ASSIGNMENT => Look below for the line with "幅広い制度に対応(人材育成・雇用・設備導入など)" and the line with "На диаграмме показана". Copy exactly those two lines and every line between, but not the pictures.

DATA SECTION =>
_ _ _ _
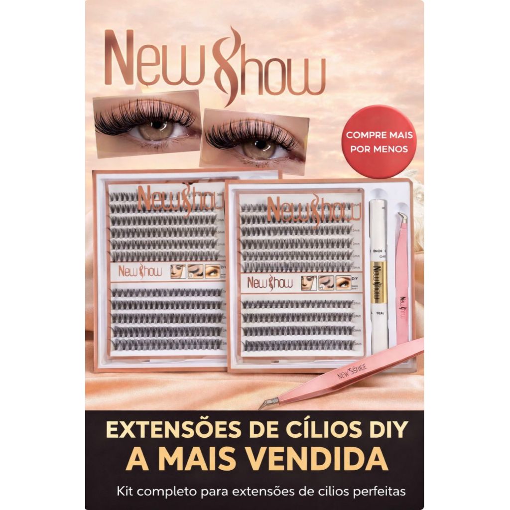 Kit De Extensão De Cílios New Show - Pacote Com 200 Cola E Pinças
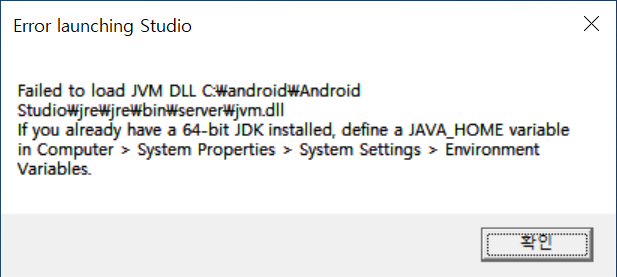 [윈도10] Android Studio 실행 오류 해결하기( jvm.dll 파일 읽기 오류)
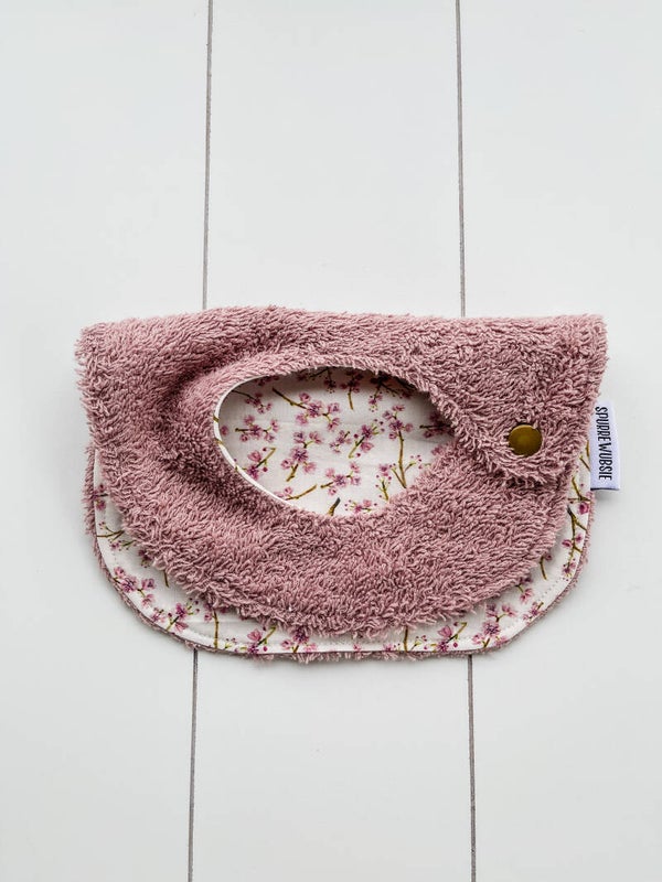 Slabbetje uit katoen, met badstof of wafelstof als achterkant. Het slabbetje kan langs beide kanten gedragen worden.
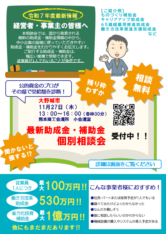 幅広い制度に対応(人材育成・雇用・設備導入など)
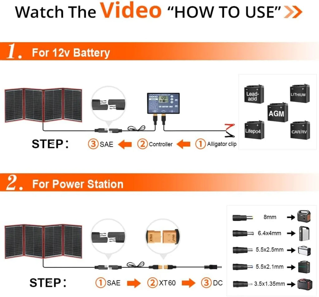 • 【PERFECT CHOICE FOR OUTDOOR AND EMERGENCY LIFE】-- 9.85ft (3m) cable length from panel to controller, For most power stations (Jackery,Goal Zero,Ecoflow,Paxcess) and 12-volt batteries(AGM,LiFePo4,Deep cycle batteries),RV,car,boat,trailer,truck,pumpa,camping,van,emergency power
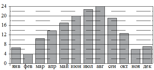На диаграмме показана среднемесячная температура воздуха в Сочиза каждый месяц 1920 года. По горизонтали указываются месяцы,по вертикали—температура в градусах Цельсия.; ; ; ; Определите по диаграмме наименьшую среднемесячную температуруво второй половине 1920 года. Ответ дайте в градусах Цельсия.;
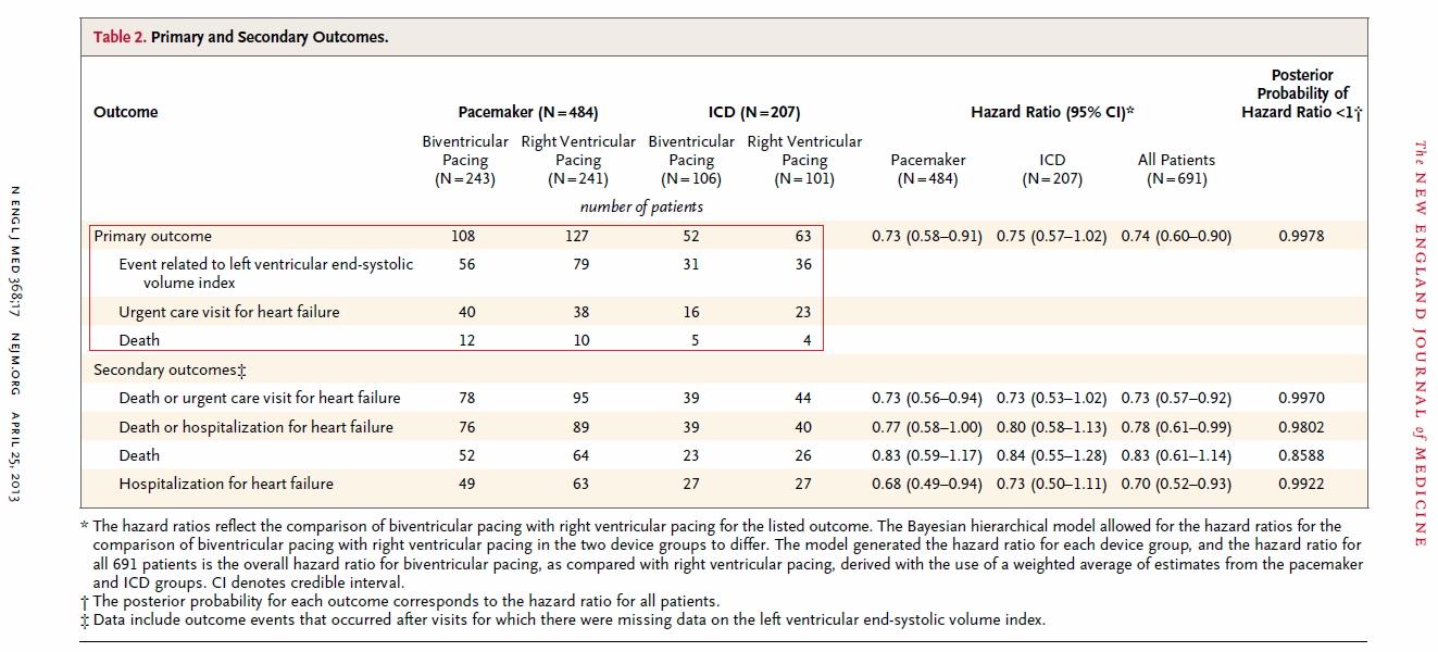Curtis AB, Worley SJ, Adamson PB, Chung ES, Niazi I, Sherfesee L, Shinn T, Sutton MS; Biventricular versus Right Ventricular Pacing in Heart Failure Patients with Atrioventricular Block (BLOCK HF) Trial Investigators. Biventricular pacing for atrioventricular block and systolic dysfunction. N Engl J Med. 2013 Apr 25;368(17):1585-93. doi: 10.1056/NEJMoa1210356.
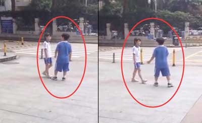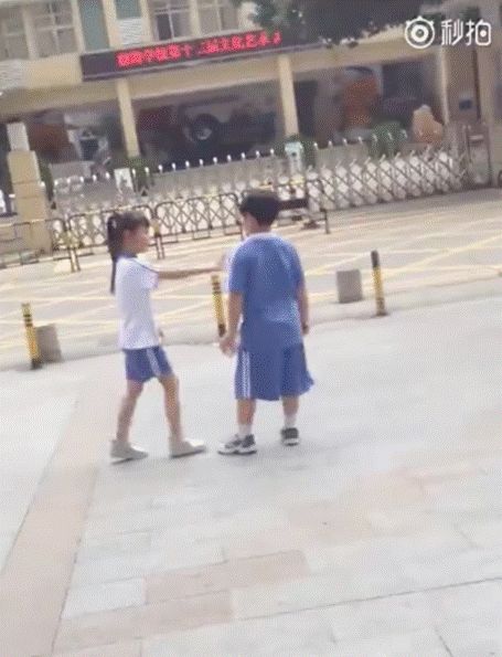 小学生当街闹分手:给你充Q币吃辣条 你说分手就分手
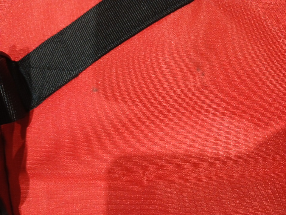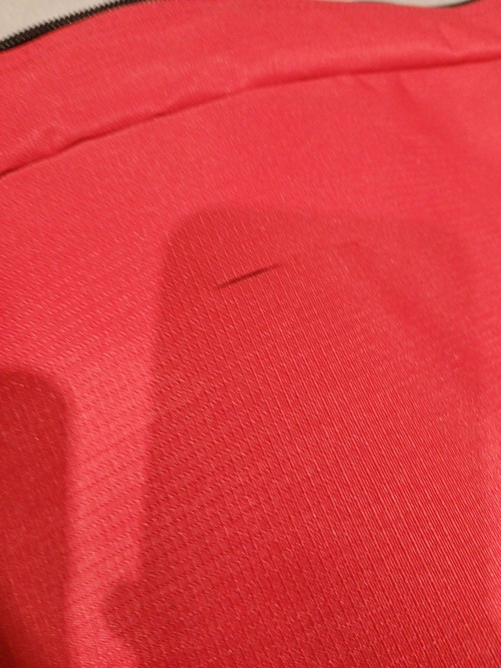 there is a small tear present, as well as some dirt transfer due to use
_ _ _ _
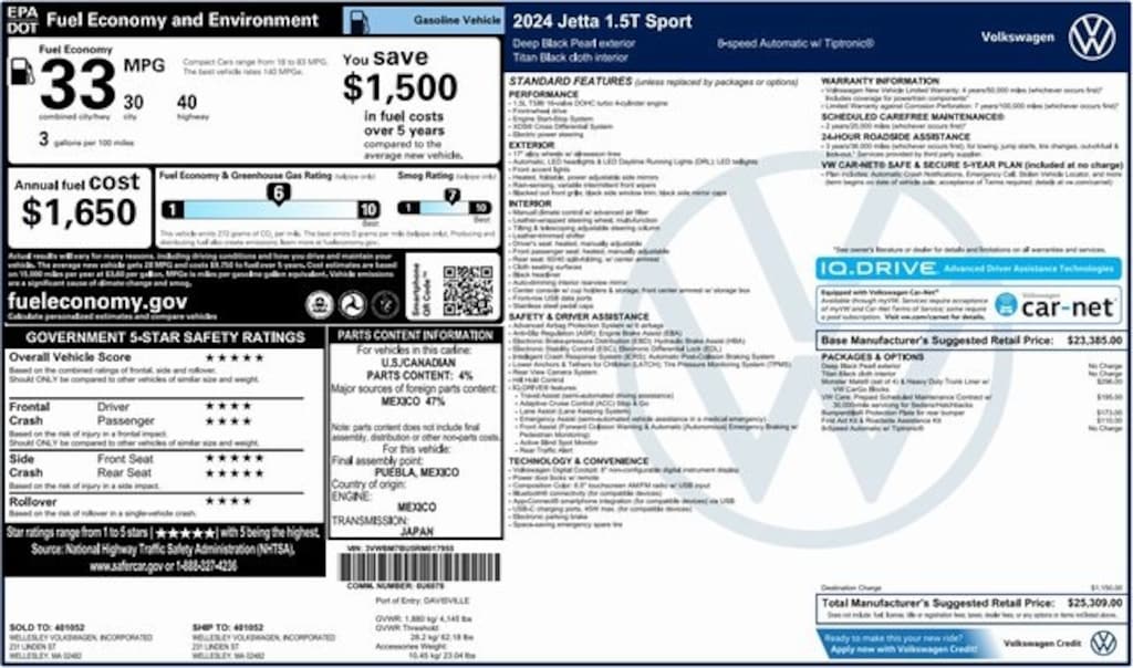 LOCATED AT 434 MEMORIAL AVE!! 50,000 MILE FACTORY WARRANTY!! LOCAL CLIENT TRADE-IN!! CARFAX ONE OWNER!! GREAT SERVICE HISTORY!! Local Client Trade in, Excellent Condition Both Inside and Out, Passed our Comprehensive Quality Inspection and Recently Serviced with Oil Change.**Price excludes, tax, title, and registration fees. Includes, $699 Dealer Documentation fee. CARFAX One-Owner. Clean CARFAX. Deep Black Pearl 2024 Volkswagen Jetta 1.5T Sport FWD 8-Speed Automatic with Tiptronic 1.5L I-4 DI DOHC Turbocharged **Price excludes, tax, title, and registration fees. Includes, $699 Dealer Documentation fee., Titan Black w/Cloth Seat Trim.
_ _ _ _
TASK ANSWER =>
 幅広い制度に対応(人材育成・雇用・設備導入など)
 • 【PERFECT CHOICE FOR OUTDOOR AND EMERGENCY LIFE】-- 9.85ft (3m) cable length from panel to controller, For most power stations (Jackery,Goal Zero,Ecoflow,Paxcess) and 12-volt batteries(AGM,LiFePo4,Deep cycle batteries),RV,car,boat,trailer,truck,pumpa,camping,van,emergency power
На диаграмме показана среднемесячная температура воздуха в Сочиза каждый месяц 1920 года. По горизонтали указываются месяцы,по вертикали—температура в градусах Цельсия.; ; ; ; Определите по диаграмме наименьшую среднемесячную температуруво второй половине 1920 года. Ответ дайте в градусах Цельсия.;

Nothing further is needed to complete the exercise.